Only two of xAI's original eleven co-founders remain at the company.
Zihang Dai left last week. Guodong Zhang is expected to follow in coming days. They join Toby Pohlen, Jimmy Ba, Tony Wu, and Greg Yang on the list of departed co-founders, leaving only Manuel Kroiss and Ross Nordeen from the founding team. In a single week in February, at least nine engineers walked out the door.
Musk characterized the departures as "push, not pull" - he forced them out. On X, he posted: "xAI was not built right first time around, so is being rebuilt from the foundations up. Same thing happened with Tesla." He also publicly apologized for past hiring decisions, saying he and HR head Baris Akis are going through old interview records to reach out to previously rejected candidates.

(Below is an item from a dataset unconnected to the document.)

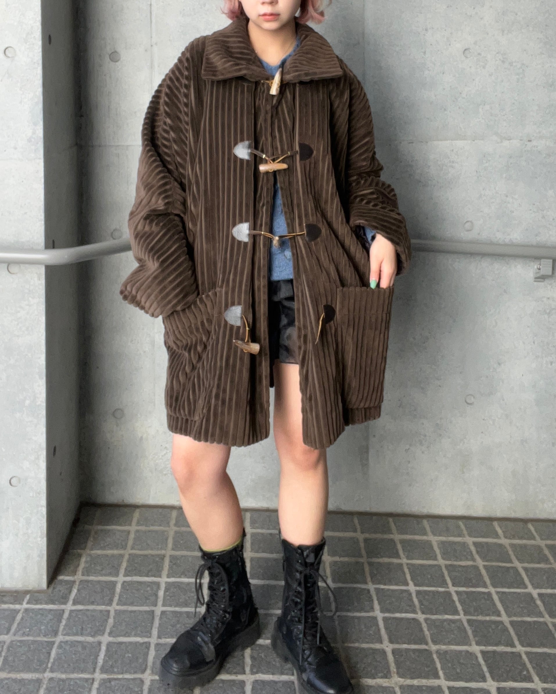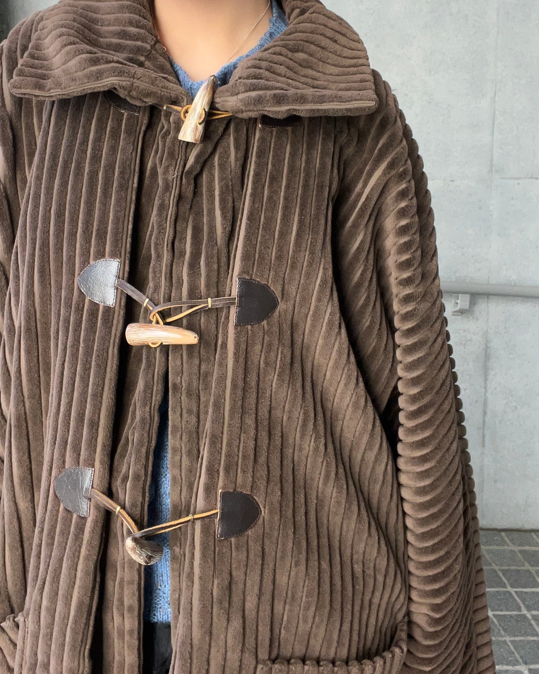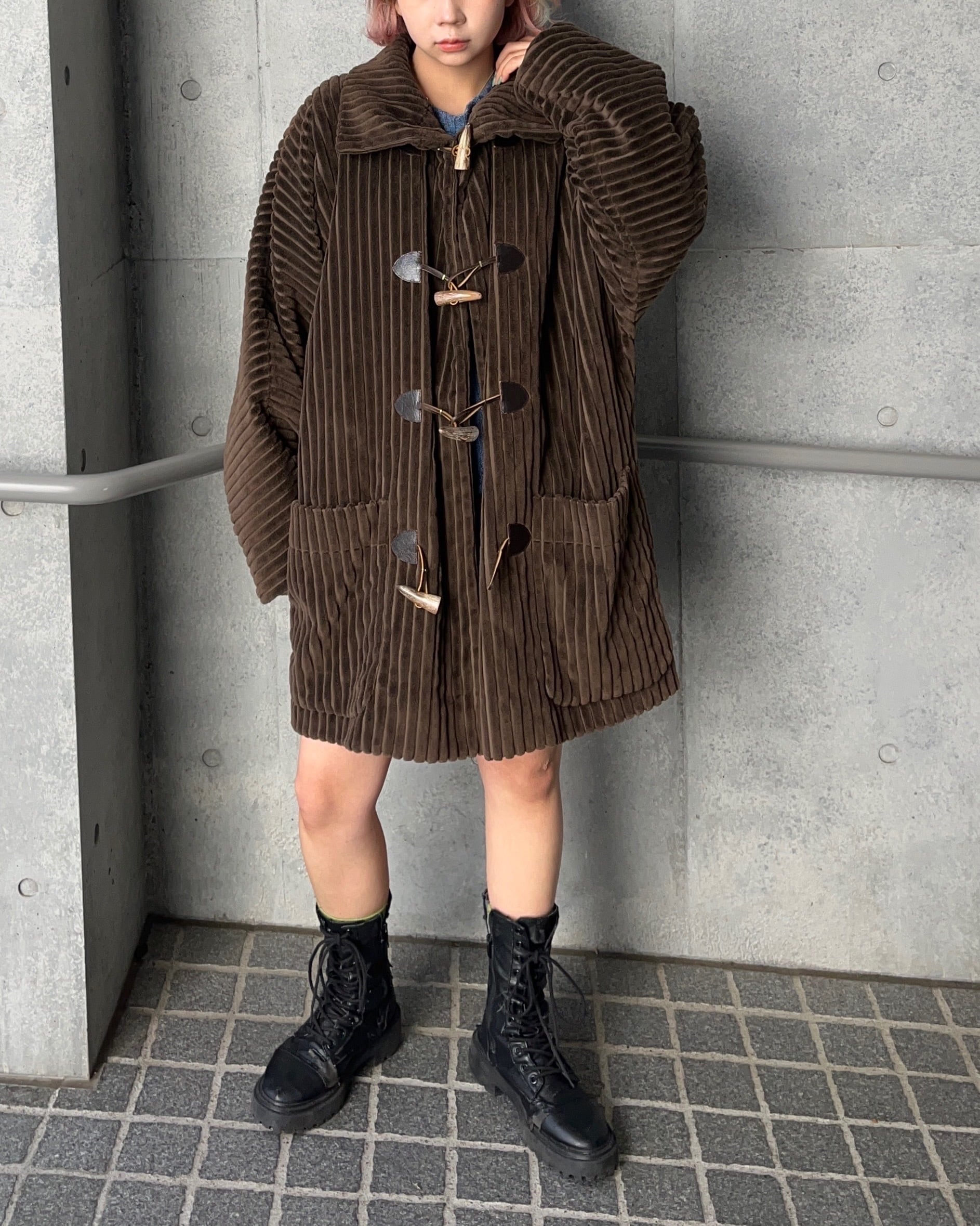 太畝のコーデュロイ素材が存在感のあるダッフルコート

The personnel losses have hit xAI's most ambitious project hardest. Macrohard, an effort to build an AI coding platform that would compete with Microsoft using screenshot-based training, has stalled. Staff departures, leadership changes, and what appears to be a hiring freeze have slowed progress. Some of Macrohard's computing resources are reportedly being redirected to Tesla's Autopilot team and a new project called Digital Optimus, an AI agent designed to handle computer-based tasks.
To backfill talent, xAI poached two senior product engineering leaders from Cursor: Andrew Milich and Jason Ginsberg, both reporting directly to Musk. Cursor is the AI coding startup that recently hit $2 billion in annualized revenue, so these are not cheap hires.
The timing is messy. SpaceX merged with xAI in February. Tesla invested $2 billion in xAI in January. There is a lot of money flowing between Musk's companies, but the people who actually built xAI's technology keep leaving. Rebuilding a research lab's culture and institutional knowledge is harder than writing a check, and Musk has now admitted as much.